» **EXERCISE AIM**
When the line containing "慰問小組在保利天彙小區搬運礦泉水" is found in the data below, copy it and each line after it through the line containing "Lec TL55142W - Reversing", exactly and with no others.

» **DATA RECORDS**
==============================

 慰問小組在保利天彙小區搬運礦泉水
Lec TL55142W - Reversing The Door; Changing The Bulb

==============================

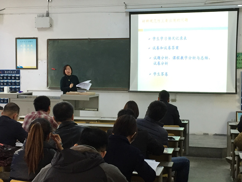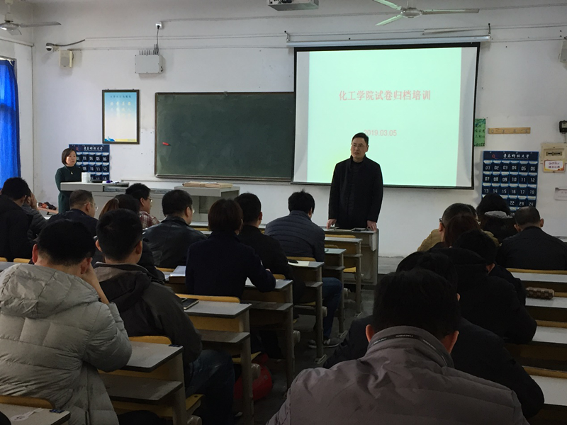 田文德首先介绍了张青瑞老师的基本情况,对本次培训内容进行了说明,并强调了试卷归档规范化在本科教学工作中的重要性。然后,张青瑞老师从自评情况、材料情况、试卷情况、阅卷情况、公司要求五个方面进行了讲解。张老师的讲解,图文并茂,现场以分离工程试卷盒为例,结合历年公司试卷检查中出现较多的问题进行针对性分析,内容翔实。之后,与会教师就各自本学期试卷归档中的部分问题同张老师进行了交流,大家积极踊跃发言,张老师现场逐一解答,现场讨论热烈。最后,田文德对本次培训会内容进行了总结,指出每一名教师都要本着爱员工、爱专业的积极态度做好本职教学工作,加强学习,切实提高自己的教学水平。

==============================

» **TASK ANSWER**
 慰問小組在保利天彙小區搬運礦泉水
Lec TL55142W - Reversing The Door; Changing The Bulb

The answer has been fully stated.